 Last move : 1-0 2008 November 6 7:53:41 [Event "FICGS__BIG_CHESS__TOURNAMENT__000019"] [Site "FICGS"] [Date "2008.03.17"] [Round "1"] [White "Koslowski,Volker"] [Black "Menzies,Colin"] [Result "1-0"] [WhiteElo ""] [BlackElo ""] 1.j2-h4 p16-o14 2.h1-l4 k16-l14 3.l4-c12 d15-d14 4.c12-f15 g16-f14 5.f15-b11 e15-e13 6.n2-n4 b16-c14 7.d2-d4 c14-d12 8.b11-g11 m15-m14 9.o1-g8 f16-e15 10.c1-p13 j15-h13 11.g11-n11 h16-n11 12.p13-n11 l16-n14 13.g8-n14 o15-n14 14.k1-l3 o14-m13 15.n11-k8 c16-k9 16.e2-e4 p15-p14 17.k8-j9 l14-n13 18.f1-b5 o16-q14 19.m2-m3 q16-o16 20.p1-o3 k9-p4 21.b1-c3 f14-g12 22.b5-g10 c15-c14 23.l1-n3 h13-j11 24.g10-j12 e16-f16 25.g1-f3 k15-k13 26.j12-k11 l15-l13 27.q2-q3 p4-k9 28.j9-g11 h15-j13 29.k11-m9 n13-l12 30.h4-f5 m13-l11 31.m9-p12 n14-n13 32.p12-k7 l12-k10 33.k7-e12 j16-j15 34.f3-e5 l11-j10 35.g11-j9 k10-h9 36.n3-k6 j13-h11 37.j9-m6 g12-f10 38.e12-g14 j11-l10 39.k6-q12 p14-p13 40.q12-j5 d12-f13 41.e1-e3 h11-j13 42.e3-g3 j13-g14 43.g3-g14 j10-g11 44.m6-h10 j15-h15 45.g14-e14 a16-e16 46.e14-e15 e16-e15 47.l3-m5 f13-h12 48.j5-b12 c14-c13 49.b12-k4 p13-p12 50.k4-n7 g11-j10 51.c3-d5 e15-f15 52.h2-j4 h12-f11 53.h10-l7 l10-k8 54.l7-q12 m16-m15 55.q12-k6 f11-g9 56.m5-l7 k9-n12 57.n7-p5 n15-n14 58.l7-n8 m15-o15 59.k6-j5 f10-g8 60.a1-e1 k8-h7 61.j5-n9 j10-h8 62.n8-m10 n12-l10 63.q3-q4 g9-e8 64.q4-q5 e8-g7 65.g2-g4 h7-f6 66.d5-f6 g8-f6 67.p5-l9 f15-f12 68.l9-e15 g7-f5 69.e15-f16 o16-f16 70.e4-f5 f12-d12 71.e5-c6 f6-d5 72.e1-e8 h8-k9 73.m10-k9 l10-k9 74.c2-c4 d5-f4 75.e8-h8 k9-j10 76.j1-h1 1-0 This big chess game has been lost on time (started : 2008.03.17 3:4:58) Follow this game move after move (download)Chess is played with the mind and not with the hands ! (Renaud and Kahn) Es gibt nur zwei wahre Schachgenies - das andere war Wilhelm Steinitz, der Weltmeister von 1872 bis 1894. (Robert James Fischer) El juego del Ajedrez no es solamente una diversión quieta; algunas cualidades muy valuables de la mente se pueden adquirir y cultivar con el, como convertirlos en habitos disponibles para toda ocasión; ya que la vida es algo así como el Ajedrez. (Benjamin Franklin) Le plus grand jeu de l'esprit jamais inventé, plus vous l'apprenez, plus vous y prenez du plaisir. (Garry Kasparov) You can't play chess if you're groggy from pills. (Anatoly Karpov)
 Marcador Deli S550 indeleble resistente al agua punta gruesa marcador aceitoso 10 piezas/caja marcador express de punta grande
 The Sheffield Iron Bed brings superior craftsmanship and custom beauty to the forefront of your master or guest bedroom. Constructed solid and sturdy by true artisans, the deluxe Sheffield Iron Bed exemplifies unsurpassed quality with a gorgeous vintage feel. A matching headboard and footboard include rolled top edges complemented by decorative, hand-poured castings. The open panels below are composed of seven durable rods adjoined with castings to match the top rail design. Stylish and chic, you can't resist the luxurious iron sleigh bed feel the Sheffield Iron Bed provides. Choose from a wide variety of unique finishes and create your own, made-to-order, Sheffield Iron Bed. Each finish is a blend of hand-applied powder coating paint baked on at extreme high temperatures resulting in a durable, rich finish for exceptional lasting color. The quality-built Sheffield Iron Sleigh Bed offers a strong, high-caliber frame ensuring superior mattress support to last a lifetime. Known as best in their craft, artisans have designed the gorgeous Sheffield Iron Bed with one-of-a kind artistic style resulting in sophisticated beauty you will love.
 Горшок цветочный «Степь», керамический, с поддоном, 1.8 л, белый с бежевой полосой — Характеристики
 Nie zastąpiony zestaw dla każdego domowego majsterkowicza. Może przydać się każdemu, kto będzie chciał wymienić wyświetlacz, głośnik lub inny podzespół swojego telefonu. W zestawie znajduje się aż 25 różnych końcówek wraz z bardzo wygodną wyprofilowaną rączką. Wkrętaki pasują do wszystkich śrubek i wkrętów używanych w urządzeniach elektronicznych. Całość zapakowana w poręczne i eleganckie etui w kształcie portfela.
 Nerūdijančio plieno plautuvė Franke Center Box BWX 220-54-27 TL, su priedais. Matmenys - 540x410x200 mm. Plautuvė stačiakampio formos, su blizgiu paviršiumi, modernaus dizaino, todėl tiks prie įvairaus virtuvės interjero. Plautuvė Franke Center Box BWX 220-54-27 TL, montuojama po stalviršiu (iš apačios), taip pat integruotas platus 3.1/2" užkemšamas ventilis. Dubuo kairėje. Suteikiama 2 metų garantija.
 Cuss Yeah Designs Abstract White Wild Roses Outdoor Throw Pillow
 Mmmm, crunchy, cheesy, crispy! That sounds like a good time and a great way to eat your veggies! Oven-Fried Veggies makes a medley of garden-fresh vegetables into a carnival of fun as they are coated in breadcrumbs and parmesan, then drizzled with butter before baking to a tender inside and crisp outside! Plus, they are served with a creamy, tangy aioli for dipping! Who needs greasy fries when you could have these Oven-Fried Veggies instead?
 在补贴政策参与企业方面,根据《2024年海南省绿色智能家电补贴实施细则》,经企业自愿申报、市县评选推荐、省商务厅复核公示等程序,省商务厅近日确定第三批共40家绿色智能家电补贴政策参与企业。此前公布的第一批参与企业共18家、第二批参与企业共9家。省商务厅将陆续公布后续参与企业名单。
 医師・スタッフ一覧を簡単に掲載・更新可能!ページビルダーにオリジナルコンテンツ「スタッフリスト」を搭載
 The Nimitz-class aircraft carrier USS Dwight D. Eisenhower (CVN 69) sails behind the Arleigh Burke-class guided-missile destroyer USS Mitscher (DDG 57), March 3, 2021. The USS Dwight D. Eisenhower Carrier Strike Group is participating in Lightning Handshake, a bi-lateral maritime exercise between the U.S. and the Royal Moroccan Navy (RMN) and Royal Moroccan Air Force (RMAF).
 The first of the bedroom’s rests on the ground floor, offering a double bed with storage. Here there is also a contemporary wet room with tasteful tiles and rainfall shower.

= = = =

■ WHAT YOU WILL DO: Output the records in full. Match them exactly.

■ EXPECTED OUTPUT:
 Last move : 1-0 2008 November 6 7:53:41 [Event "FICGS__BIG_CHESS__TOURNAMENT__000019"] [Site "FICGS"] [Date "2008.03.17"] [Round "1"] [White "Koslowski,Volker"] [Black "Menzies,Colin"] [Result "1-0"] [WhiteElo ""] [BlackElo ""] 1.j2-h4 p16-o14 2.h1-l4 k16-l14 3.l4-c12 d15-d14 4.c12-f15 g16-f14 5.f15-b11 e15-e13 6.n2-n4 b16-c14 7.d2-d4 c14-d12 8.b11-g11 m15-m14 9.o1-g8 f16-e15 10.c1-p13 j15-h13 11.g11-n11 h16-n11 12.p13-n11 l16-n14 13.g8-n14 o15-n14 14.k1-l3 o14-m13 15.n11-k8 c16-k9 16.e2-e4 p15-p14 17.k8-j9 l14-n13 18.f1-b5 o16-q14 19.m2-m3 q16-o16 20.p1-o3 k9-p4 21.b1-c3 f14-g12 22.b5-g10 c15-c14 23.l1-n3 h13-j11 24.g10-j12 e16-f16 25.g1-f3 k15-k13 26.j12-k11 l15-l13 27.q2-q3 p4-k9 28.j9-g11 h15-j13 29.k11-m9 n13-l12 30.h4-f5 m13-l11 31.m9-p12 n14-n13 32.p12-k7 l12-k10 33.k7-e12 j16-j15 34.f3-e5 l11-j10 35.g11-j9 k10-h9 36.n3-k6 j13-h11 37.j9-m6 g12-f10 38.e12-g14 j11-l10 39.k6-q12 p14-p13 40.q12-j5 d12-f13 41.e1-e3 h11-j13 42.e3-g3 j13-g14 43.g3-g14 j10-g11 44.m6-h10 j15-h15 45.g14-e14 a16-e16 46.e14-e15 e16-e15 47.l3-m5 f13-h12 48.j5-b12 c14-c13 49.b12-k4 p13-p12 50.k4-n7 g11-j10 51.c3-d5 e15-f15 52.h2-j4 h12-f11 53.h10-l7 l10-k8 54.l7-q12 m16-m15 55.q12-k6 f11-g9 56.m5-l7 k9-n12 57.n7-p5 n15-n14 58.l7-n8 m15-o15 59.k6-j5 f10-g8 60.a1-e1 k8-h7 61.j5-n9 j10-h8 62.n8-m10 n12-l10 63.q3-q4 g9-e8 64.q4-q5 e8-g7 65.g2-g4 h7-f6 66.d5-f6 g8-f6 67.p5-l9 f15-f12 68.l9-e15 g7-f5 69.e15-f16 o16-f16 70.e4-f5 f12-d12 71.e5-c6 f6-d5 72.e1-e8 h8-k9 73.m10-k9 l10-k9 74.c2-c4 d5-f4 75.e8-h8 k9-j10 76.j1-h1 1-0 This big chess game has been lost on time (started : 2008.03.17 3:4:58) Follow this game move after move (download)Chess is played with the mind and not with the hands ! (Renaud and Kahn) Es gibt nur zwei wahre Schachgenies - das andere war Wilhelm Steinitz, der Weltmeister von 1872 bis 1894. (Robert James Fischer) El juego del Ajedrez no es solamente una diversión quieta; algunas cualidades muy valuables de la mente se pueden adquirir y cultivar con el, como convertirlos en habitos disponibles para toda ocasión; ya que la vida es algo así como el Ajedrez. (Benjamin Franklin) Le plus grand jeu de l'esprit jamais inventé, plus vous l'apprenez, plus vous y prenez du plaisir. (Garry Kasparov) You can't play chess if you're groggy from pills. (Anatoly Karpov)
 Marcador Deli S550 indeleble resistente al agua punta gruesa marcador aceitoso 10 piezas/caja marcador express de punta grande
 The Sheffield Iron Bed brings superior craftsmanship and custom beauty to the forefront of your master or guest bedroom. Constructed solid and sturdy by true artisans, the deluxe Sheffield Iron Bed exemplifies unsurpassed quality with a gorgeous vintage feel. A matching headboard and footboard include rolled top edges complemented by decorative, hand-poured castings. The open panels below are composed of seven durable rods adjoined with castings to match the top rail design. Stylish and chic, you can't resist the luxurious iron sleigh bed feel the Sheffield Iron Bed provides. Choose from a wide variety of unique finishes and create your own, made-to-order, Sheffield Iron Bed. Each finish is a blend of hand-applied powder coating paint baked on at extreme high temperatures resulting in a durable, rich finish for exceptional lasting color. The quality-built Sheffield Iron Sleigh Bed offers a strong, high-caliber frame ensuring superior mattress support to last a lifetime. Known as best in their craft, artisans have designed the gorgeous Sheffield Iron Bed with one-of-a kind artistic style resulting in sophisticated beauty you will love.
 Горшок цветочный «Степь», керамический, с поддоном, 1.8 л, белый с бежевой полосой — Характеристики
 Nie zastąpiony zestaw dla każdego domowego majsterkowicza. Może przydać się każdemu, kto będzie chciał wymienić wyświetlacz, głośnik lub inny podzespół swojego telefonu. W zestawie znajduje się aż 25 różnych końcówek wraz z bardzo wygodną wyprofilowaną rączką. Wkrętaki pasują do wszystkich śrubek i wkrętów używanych w urządzeniach elektronicznych. Całość zapakowana w poręczne i eleganckie etui w kształcie portfela.
 Nerūdijančio plieno plautuvė Franke Center Box BWX 220-54-27 TL, su priedais. Matmenys - 540x410x200 mm. Plautuvė stačiakampio formos, su blizgiu paviršiumi, modernaus dizaino, todėl tiks prie įvairaus virtuvės interjero. Plautuvė Franke Center Box BWX 220-54-27 TL, montuojama po stalviršiu (iš apačios), taip pat integruotas platus 3.1/2" užkemšamas ventilis. Dubuo kairėje. Suteikiama 2 metų garantija.
 Cuss Yeah Designs Abstract White Wild Roses Outdoor Throw Pillow
 Mmmm, crunchy, cheesy, crispy! That sounds like a good time and a great way to eat your veggies! Oven-Fried Veggies makes a medley of garden-fresh vegetables into a carnival of fun as they are coated in breadcrumbs and parmesan, then drizzled with butter before baking to a tender inside and crisp outside! Plus, they are served with a creamy, tangy aioli for dipping! Who needs greasy fries when you could have these Oven-Fried Veggies instead?
 在补贴政策参与企业方面,根据《2024年海南省绿色智能家电补贴实施细则》,经企业自愿申报、市县评选推荐、省商务厅复核公示等程序,省商务厅近日确定第三批共40家绿色智能家电补贴政策参与企业。此前公布的第一批参与企业共18家、第二批参与企业共9家。省商务厅将陆续公布后续参与企业名单。
 医師・スタッフ一覧を簡単に掲載・更新可能!ページビルダーにオリジナルコンテンツ「スタッフリスト」を搭載
 The Nimitz-class aircraft carrier USS Dwight D. Eisenhower (CVN 69) sails behind the Arleigh Burke-class guided-missile destroyer USS Mitscher (DDG 57), March 3, 2021. The USS Dwight D. Eisenhower Carrier Strike Group is participating in Lightning Handshake, a bi-lateral maritime exercise between the U.S. and the Royal Moroccan Navy (RMN) and Royal Moroccan Air Force (RMAF).
 The first of the bedroom’s rests on the ground floor, offering a double bed with storage. Here there is also a contemporary wet room with tasteful tiles and rainfall shower.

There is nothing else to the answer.